The similarity between the suggestive protected model and the mimic is evident in the body size, general morphology, and vestiture, composed of dense pilosity of various colors, especially black, red, yellowish and white, forming a distinct pattern of maculae. The Mutillidae are wasps with short petiole, and Trichaptus is one of the few Naupactini with humped, constricted near base prothorax, which gives the appearance of a petiole. The best candidate models of T. mutillarius belong to the Sphaeropthalminae , a subfamily characterized by the round, convex eyes, which is a feature also present in the weevil. Within the Sphaeropthalminae the species that best resemble Trichaptus belong to Traumatomutilla André (parasites of Sphecidae ) and Hoplomutilla Ashmead (parasites of bees), two genera highly diversified in South America and occurring throughout the range of the weevil.

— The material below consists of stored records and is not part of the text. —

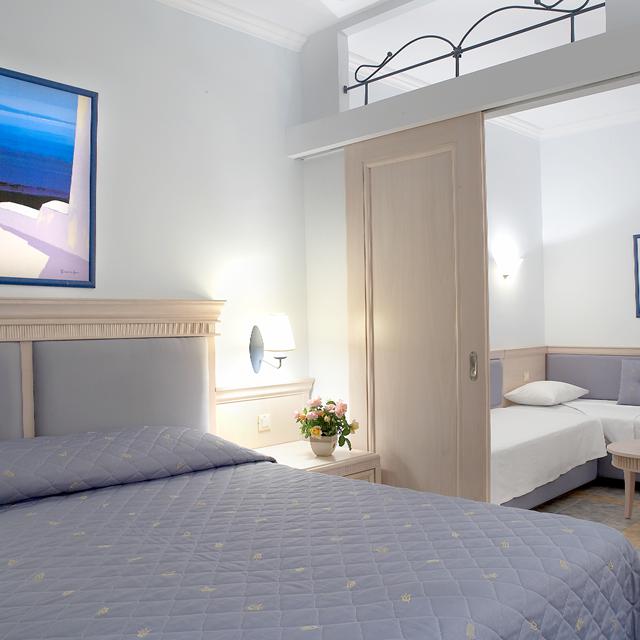 De kamers zijn ruim en je kunt kiezen tussen meerdere type kamers. De familiekamers beschikken allemaal over een schuifdeur die de kinderslaapkamer (deels) afscheidt van die van de ouders. Veel kamers liggen in lage bijgebouwen verspreid over de zeer verzorgde tuin.
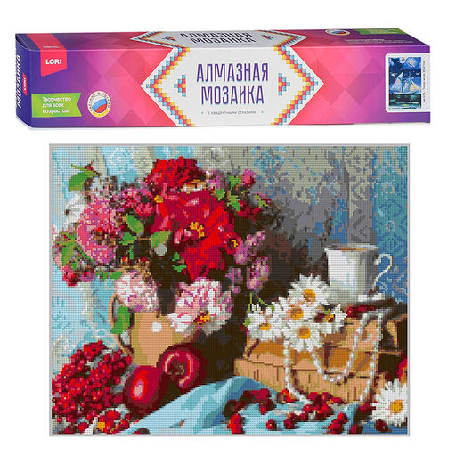 • Алмазная мозаика 40*50 см (полное заполнение) "Натюрморт с цветами и яблоками"
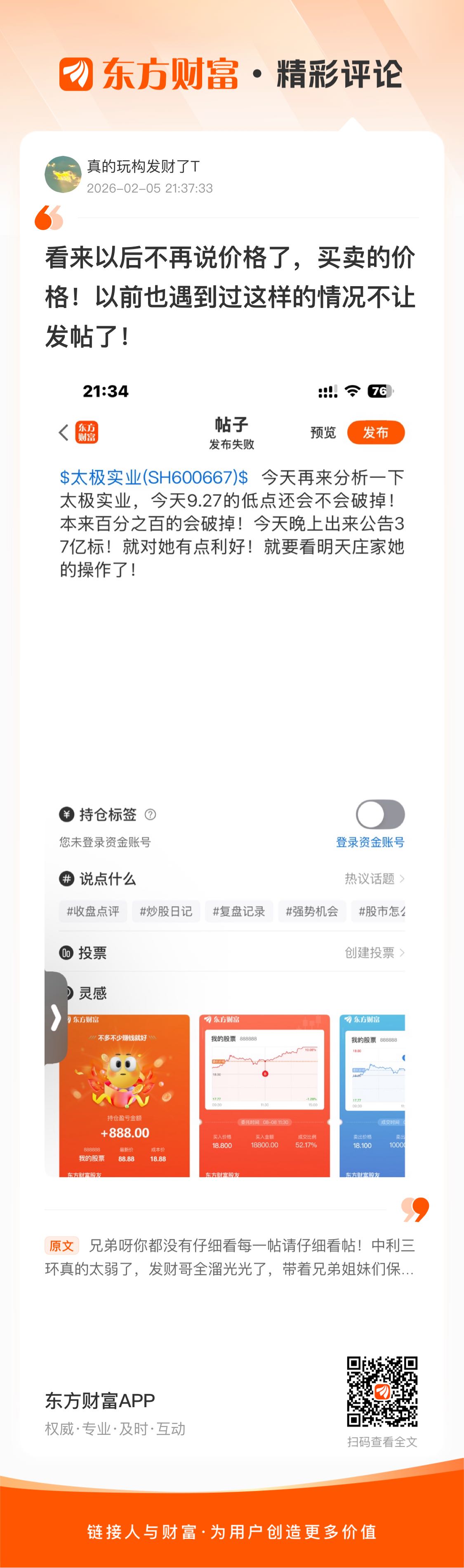 温馨提示: 1.根据《证券法》规定,禁止编造、传播虚假信息或者误导性信息,扰乱证券市场;2.用户在本社区发表的所有资料、言论等仅代表个人观点,与本网站立场无关,不对您构成任何投资建议。用户应基于自己的独立判断,自行决定证券投资并承担相应风险。《东方财富社区管理规定》
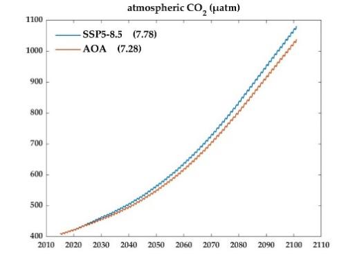 圖4. 高排放情境下全球大氣平均CO2含量在本世紀(jì)的變化
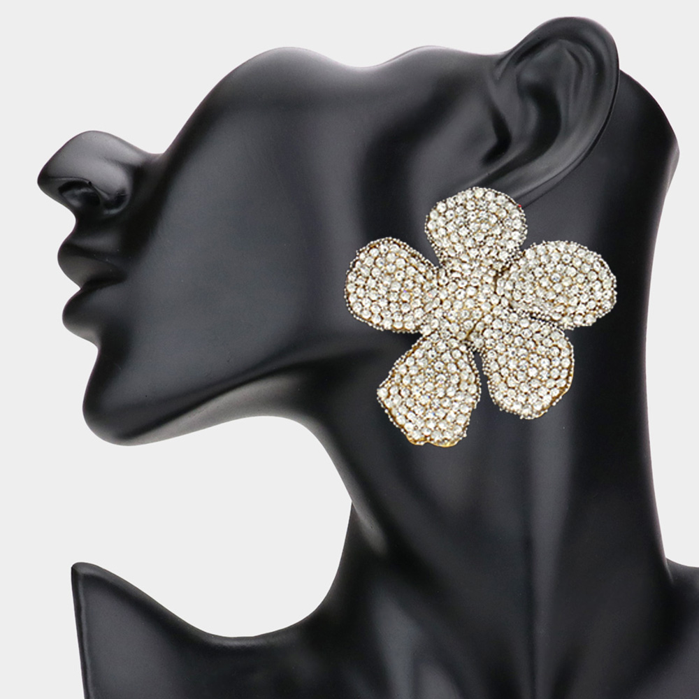 Oval Stone Center Rhinestone Studded Floral Statement Pin Brooch
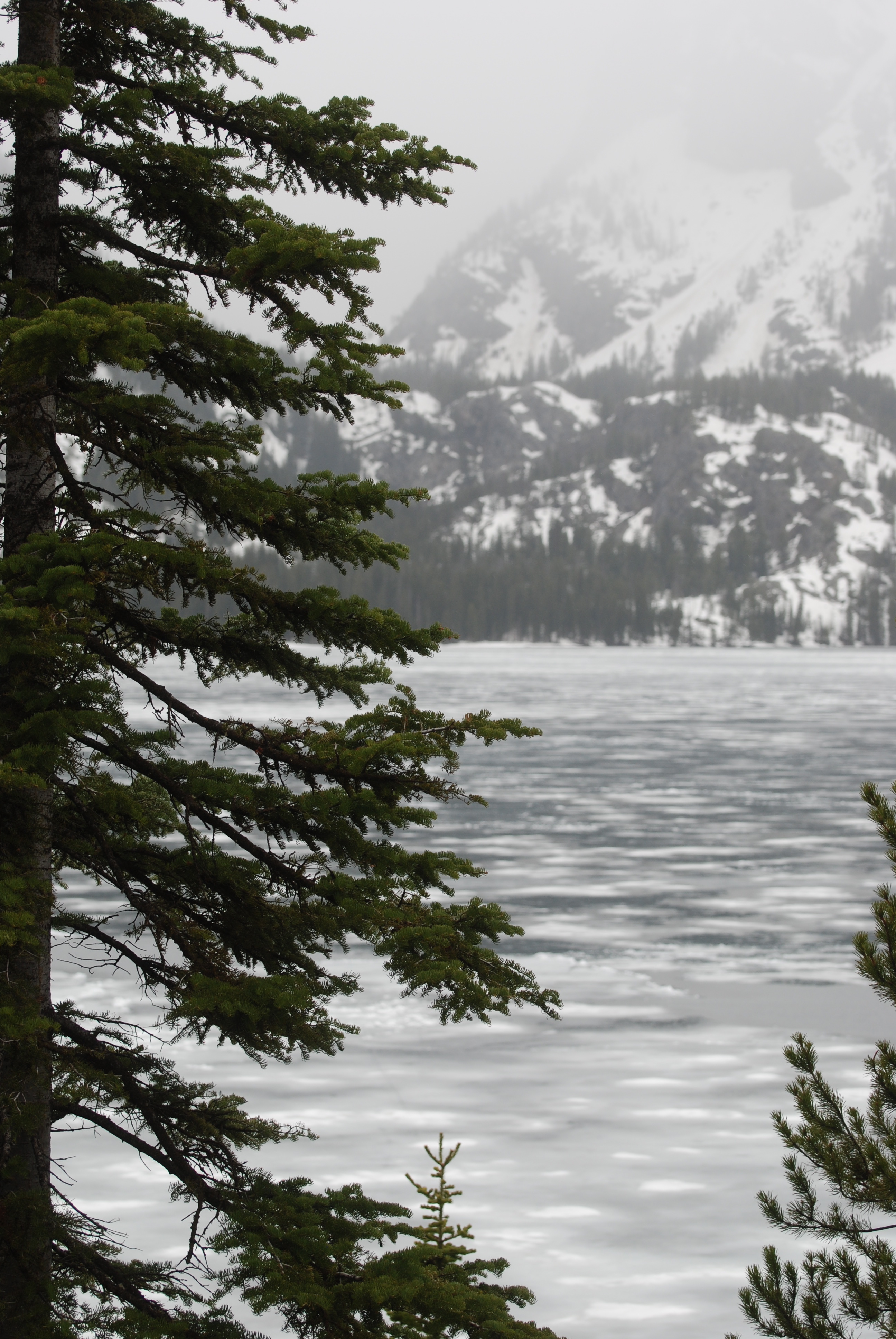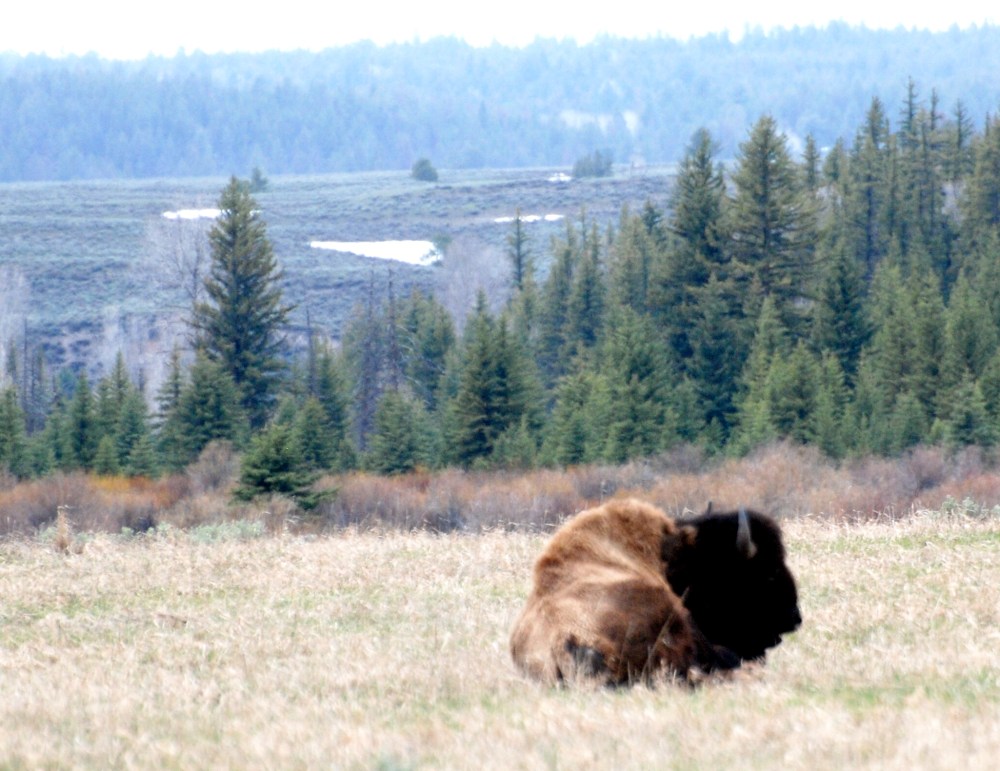 We still enjoyed our drive through the Teton National Park, Unfortunately, the cloud covering was very low; and the Grand Teton range was hidden! Oh well, it didn’t steal our joy. There was so much to see otherwise. And it is great to enjoy the beauty and chill of snow without having to plow through it.
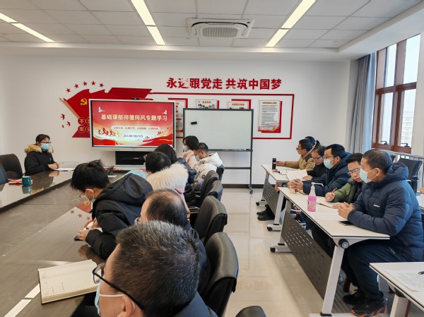 为进一步推动师德师风建设,强化教师责任意识,提高职业道德素养,营造风清气正的教书育人环境,1月25日上午,基础课部利用期末集中教研活动组织全体教师开展“以德立身、以德立学、以德施教、以德育德”师德师风专题学习。
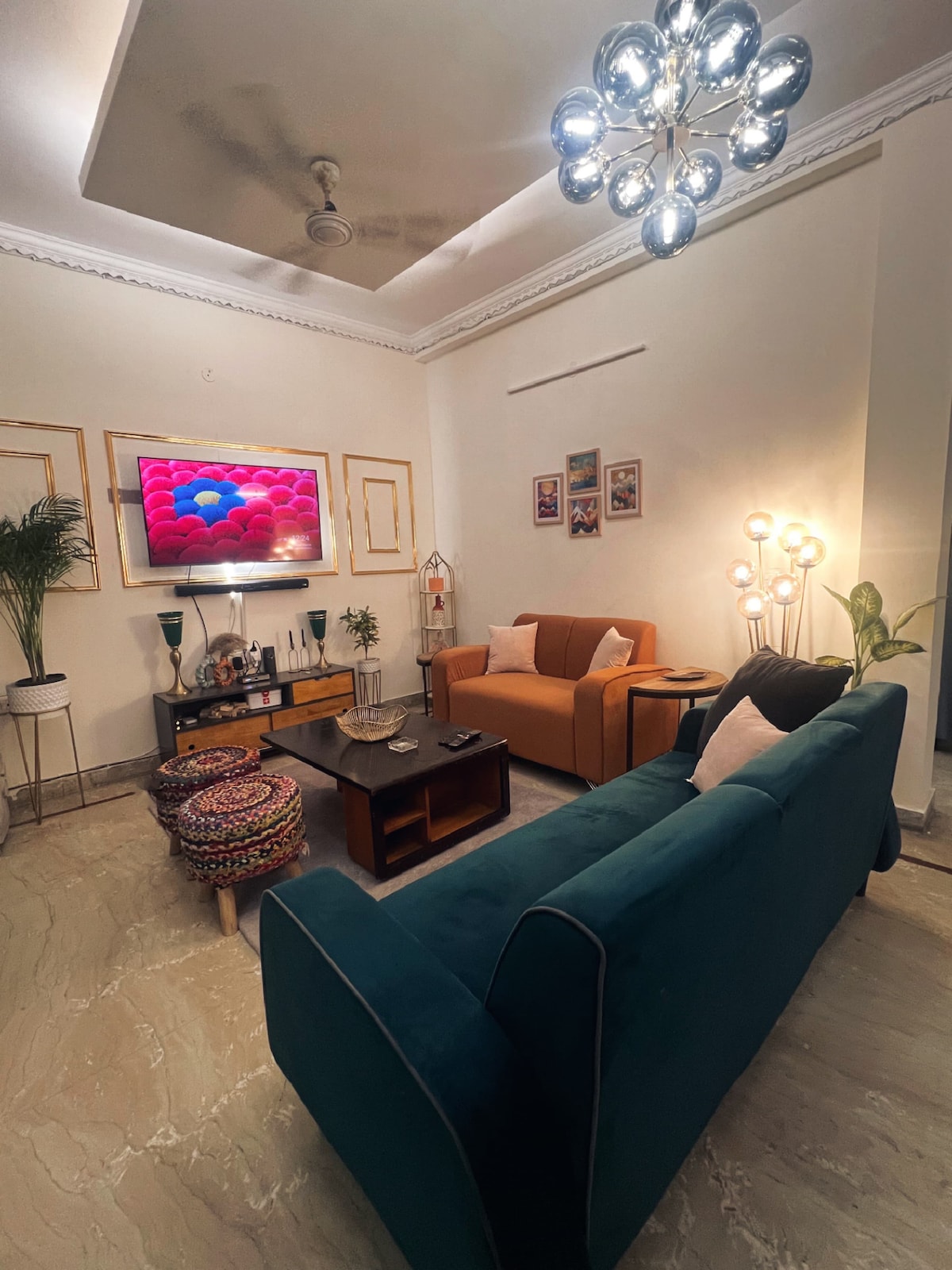 📺 Entertainment & Comfort – Enjoy a smart TV, high-speed WiFi, and a beautifully set-up living space with unique handmade poufs and elegant furniture.
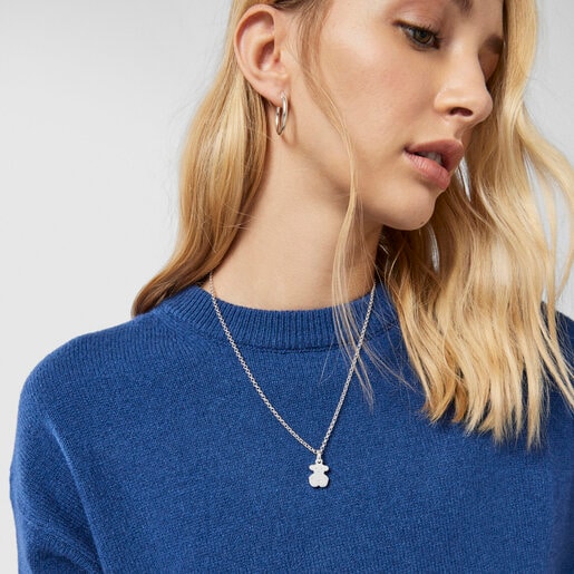 Silver Bold Bear Necklace with oval rings TOUS Very well made.
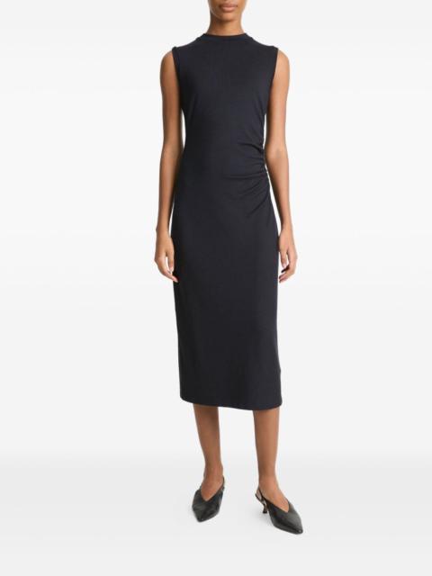gathered dress Highlights - Periwinkle blue - Gathered detailing - Crew neck - Sleeveless - Mid-length Imported Composition Polyester 53%, Rayon 45%, Spandex/Elastane 2%
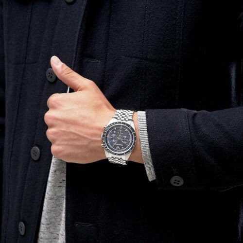 46mm x 13mm Stainless Steel Case. Solid Caseback. Blue Tachymeter Bezel.
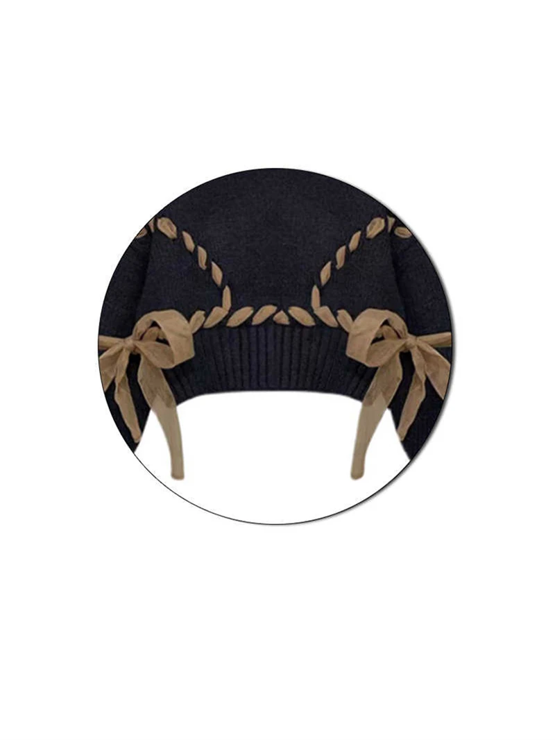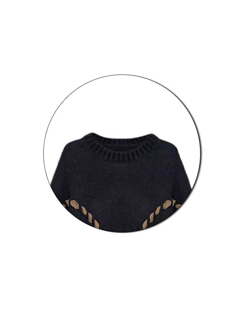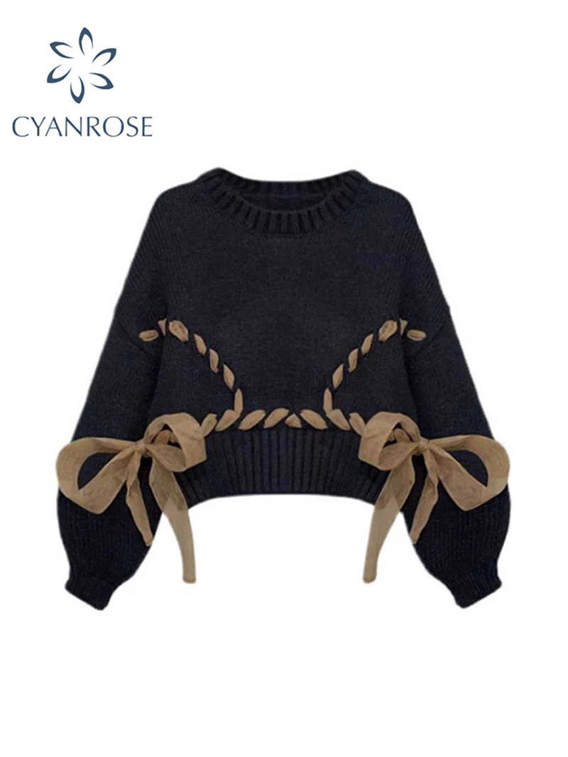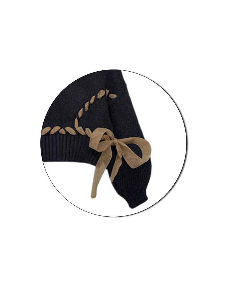 Women Black Gothic Pullover Sweater Harajuku Y2k Long Sleeves Lace-up Cashmere Knitted Sweaters Aesthetic Vintage 2000s Clothes
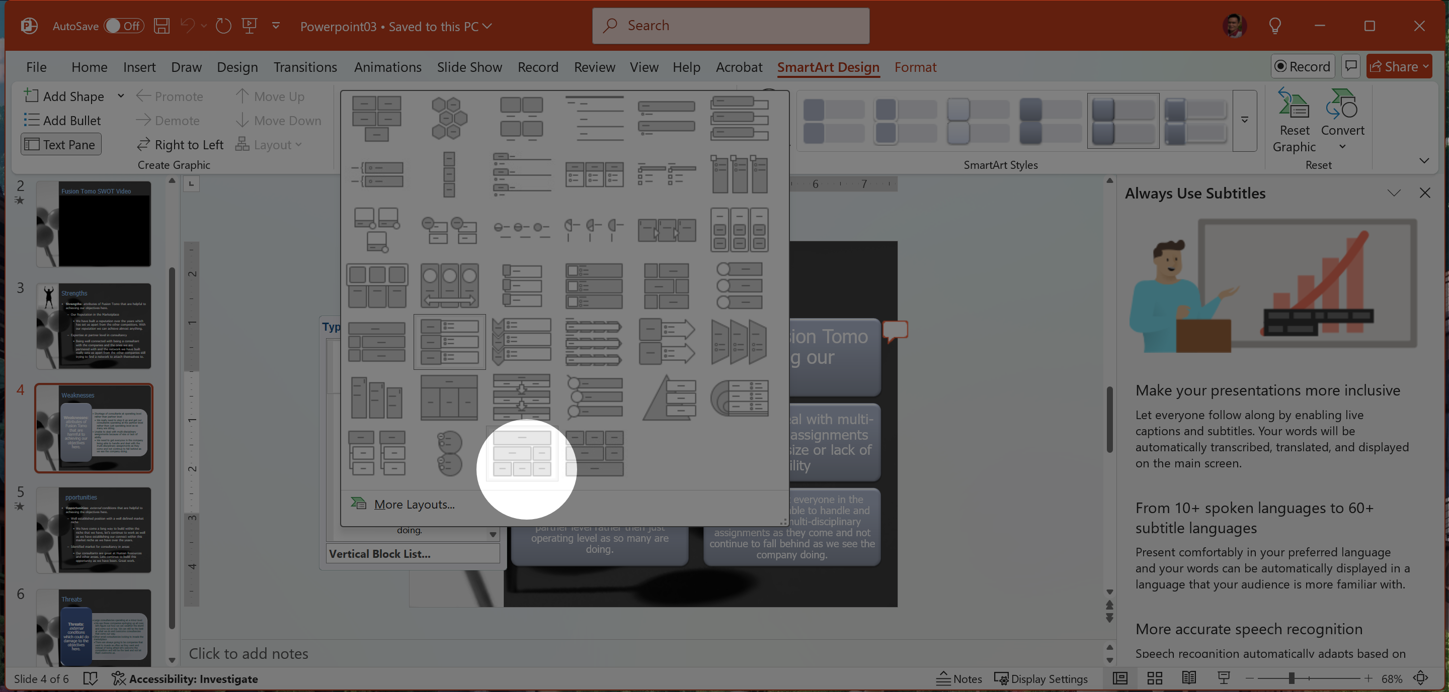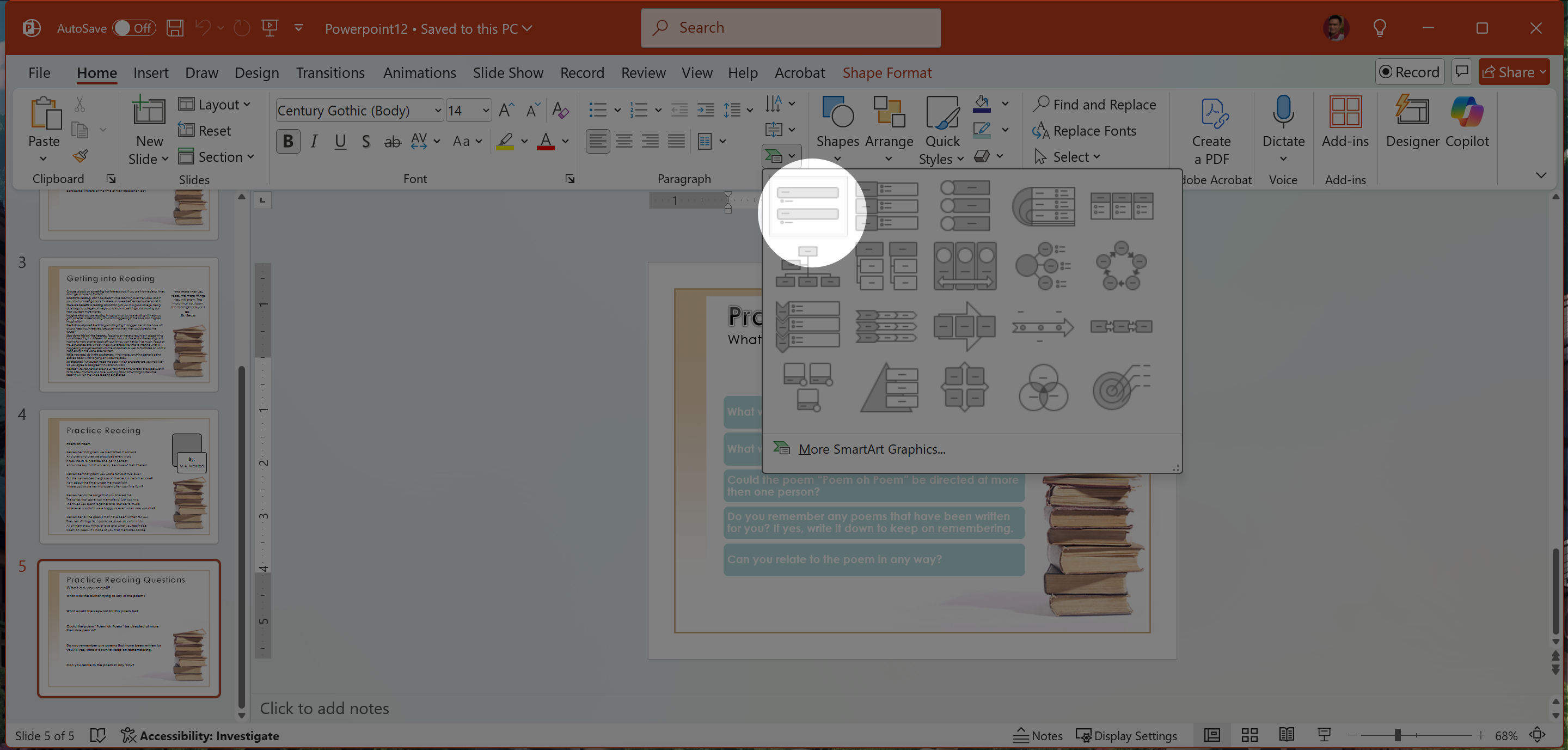 Convert the question list in Slide 5 to the Vertical Bullet List Smart Art.
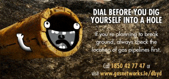 “Responsible contractors want to make sure that they operate a safe site. We would urge all contractors to ‘Dial Before You Dig’; just pick up the phone or use our online service to avoid causing any damage or disruption to gas pipes, or worse still, injury to people,” Mr O’Brien said.

We also suspect a potential resemblance in the pre-ovipositional behavior of weevil and wasps, since the apterous females of Mutillidae used to search the soil or rotting logs for host nests or cocoons, to oviposit directly into the cell or cocoon of the host ( Brothers 1995), whereas most females of Naupactini oviposit in hide niches in the soil, near the base of trunks and stems of its host plants, or between dead or fallen leaves ( Lanteri et al. 2002). During this period, potential predators such as birds, would avoid the mimic species when it is mistaken for the inedible model. Their aposematic coloration would warn these predators.

Batesian mimicry in beetles is probably much more common than the scattered literature might suggest, especially in tropical areas ( Hespenheide 1995). Field work and a phylogenetic approach will be necessary to understand the biological association between weevils, wasps and predators in the rainforests of the Neotropics, and to explain the evolution of these complex adaptive systems.